Language translation is a common aspect of many application programs. It is the primary function of both assemblers and compilers. In addition, many programs use languages for representing data that has a complex structure. For example, web servers and browsers use HTML and XML for representing document structures and many graphics display programs use a language such as PostScript to represent the structure of a graphical information. Word processors use a document markup language for representing the structure of a styled textual document.
Although programs use an internal binary form for representing information structures, they need to convert the information to a form suitable for network transfer or file storage. Language translation is needed to rebuild the internal structures from files or from network messages.
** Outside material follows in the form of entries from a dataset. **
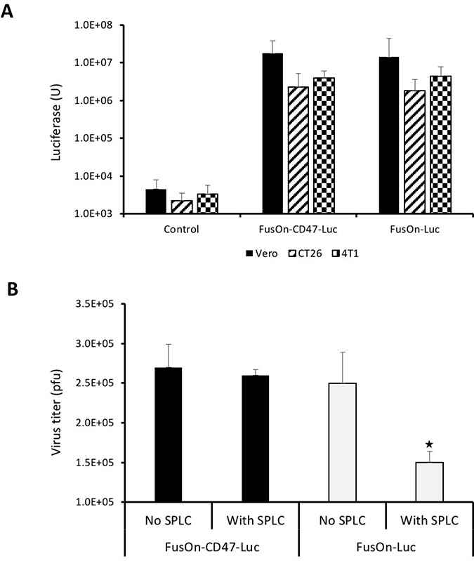 Figure 3: Comparison of FusOn-CD47-Luc and FusOn-Luc for luciferase expression and ability to evade clearance by phagocytes. (A) Comparison of luciferase expression between these two viruses. Vero, CT26 and 4T1 cells were infected with the viruses at 1 pfu/cell and were harvested 24 h later for quantitation of luciferase activity. (B) Comparison of virus yield with or without the presence of phagocytes. Vero cells in 12-well plates were infected with either virus at 0.1 pfu/cell without or with the presence of 200,000 splenocytes. Cells were harvested 48 h and the virus yield was determined by plaque assay. ★p < 0.05 as compared with other three wells. The experiments with tumor cells (CT26 and 4T1) and Vero cells in A were conducted at different dates.
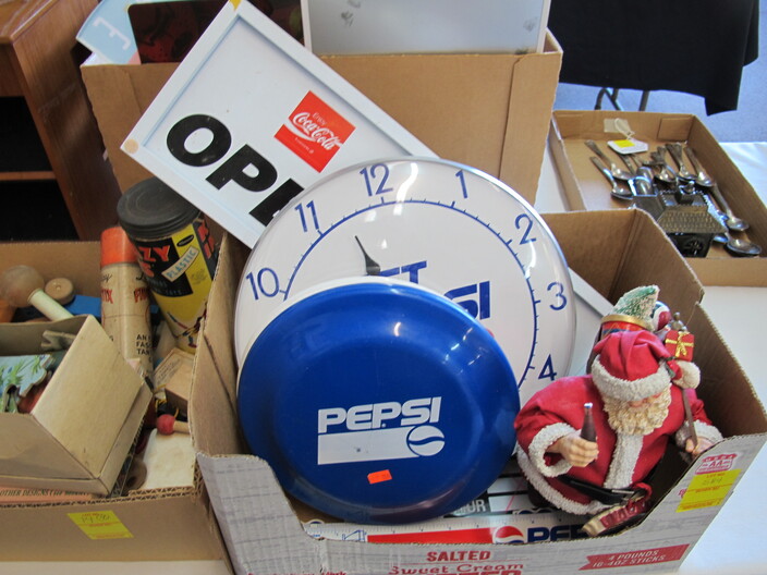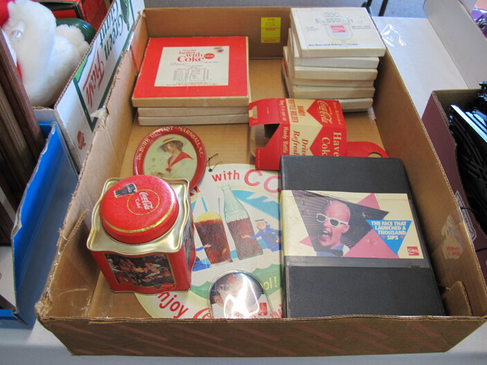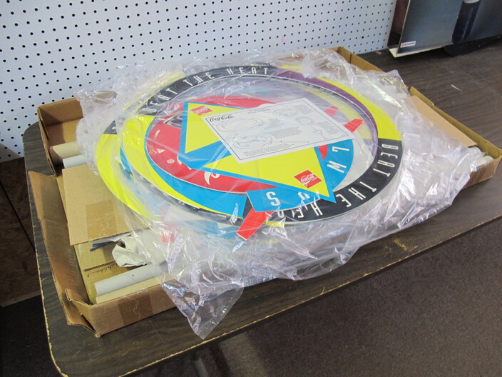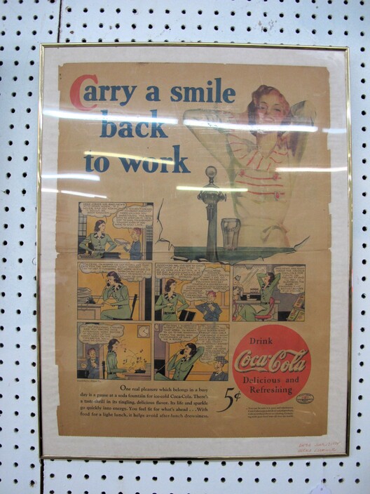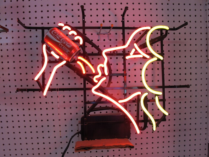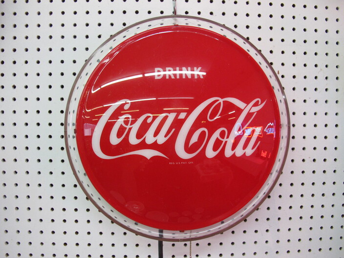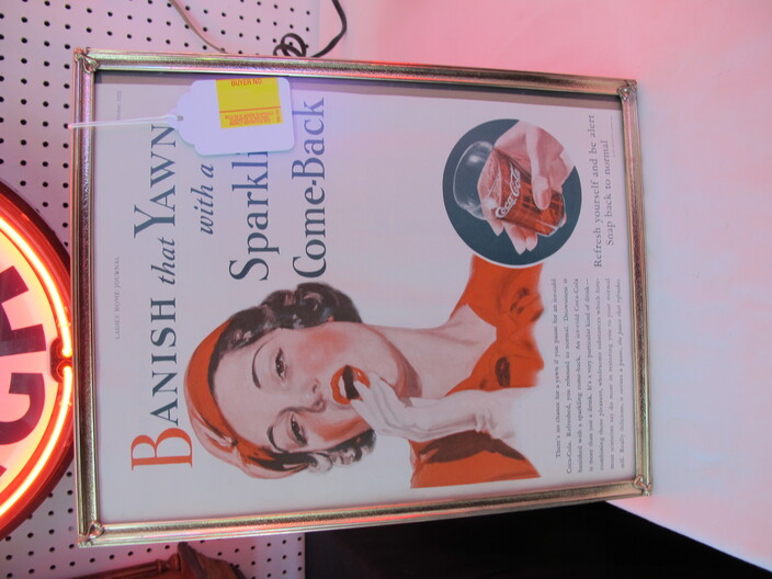 ADVERTISING COLLECTION: Vintage Coca Cola “Take Some Home” Rotating Lamp~(8) Neon Signs Including: Coca Cola, Miller Time, Busch, Miller High Life, Budweiser, Bud Lite “Lady Luck”, Miller Lite, Bud Light Clock~“Entertain Your Thirst” 1942 Ad w/ Damage~Vintage Drink Coca Cola (6) Bottle Metal Carton Display Stand~1885 Reproduction Oak Dr. Pepper Wall Clock~Falls City Beer Sign “Majors In Good Taste”~1934 Herald Examiner Coca Cola Ad~Reproduction 1896 Coca Cola Baird Clock~Small Reproduction Coca Cola Regulator Clock~(2) Centennial Celebration Coca Cola Limited Edition Pin Set~Coca Cola Salutes Walt Disney World, Happy 15th Birthday Pin Set~(2) “Coke Adds Life To Everything Everything Nice” Corkboards~(2) Miller Genuine Draft Metal Signs~“Happy Birthday Bugs Bunny” Sign (1940-1990)~Coca Cola Founders Mirrors~(2) Vintage Tom’s Toasted Peanuts Display Cabinets~Reproduction Oak Pepsi Cola Wall Clock~Bud Light Up Sign~Coca Cola Cast Iron Sign Base (Base Only)~“Beat The Heat” Coca Cola Display In Box~Coca Cola Syrup Dispenser Front~Framed Raquel Welch New Look Of Coke Ad~Diet Pepsi “You Got The Right One Baby” Ad w/ Ray Charles~Porcelain Columbia Records Reproduction Sign~Uncut Sheet Of Coca Cola Card, 1994~1950’s “Drink Coca Cola” (16”) Neon Sign, Not Working~Misc. Coca Cola Collectibles~
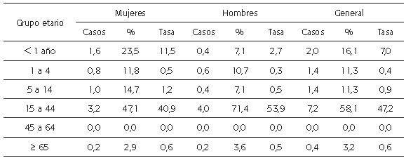 La mayor tasa de hospitalización durante el período a estudio, según el sexo, fue para las personas del sexo masculino; y según el grupo etario, en las personas entre 15 y 44 años, siendo más alta en las personas del sexo masculino; mientras que en el grupo de menores de un año, que ocupó el segundo lugar, la tasa más alta se presentó en las menores del sexo femenino; grupo de edad en el que junto con el de 65 y más años, según lo reportado en la literatura, se registran las mayores tasas de mortalidad 22. Es de aclarar que, en 2014, del total de casos notificados en el grupo etario de 65 y más años casi la mitad de ellos fueron hospitalizados. Así mismo, llama la atención que entre las personas del grupo de edad de 45 a 64 años ninguno fue hospitalizado.
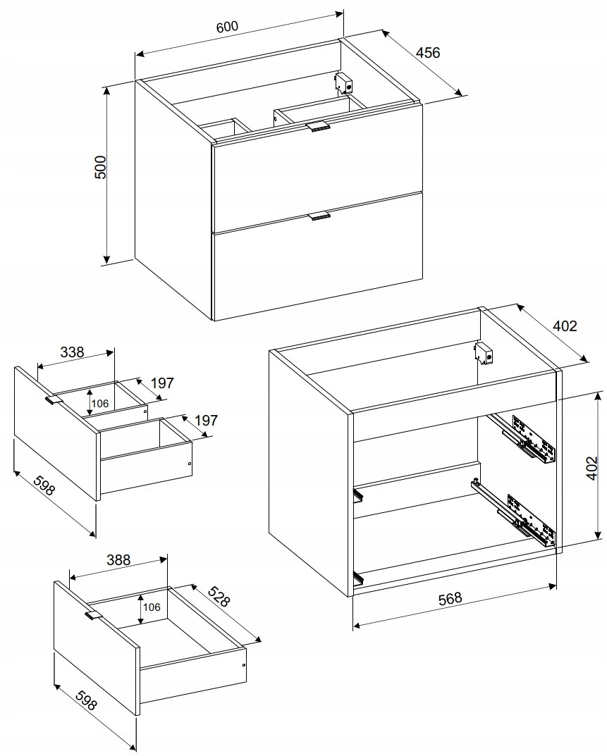 Szafka została wyposażona w dwie przestronne szuflady, które pozwalają na wygodne uporządkowanie kosmetyków, środków czystości i innych łazienkowych drobiazgów. System cichego i płynnego domykania sprawia, że korzystanie z mebla jest wyjątkowo komfortowe i bezgłośne, a także zapobiega nadmiernemu zużyciu elementów.

In its many different forms, language translation software often uses similar low-level components. The higher-level components perfom a task called parsing. Parsing builds an internal representation of the structured information. This internal representation can be traversed in many ways to perform the various tasks needed by an application.
Language translation usually involves two low-level components.
A scanner groups characters into tokens, which are low-level units of meaning in the source text.
A symbol table is used to record information about identifiers and other forms of reference between different parts of an information structure. An identifier is a type of token that is used for naming variables, types, functions, and procedures.
For languages with a textual form, a scanner (or lexical analyzer) is needed. It groups characters into tokens, which are low-level units of meaning in the source code. Tokens are similar to words and punctuation marks in natural languages.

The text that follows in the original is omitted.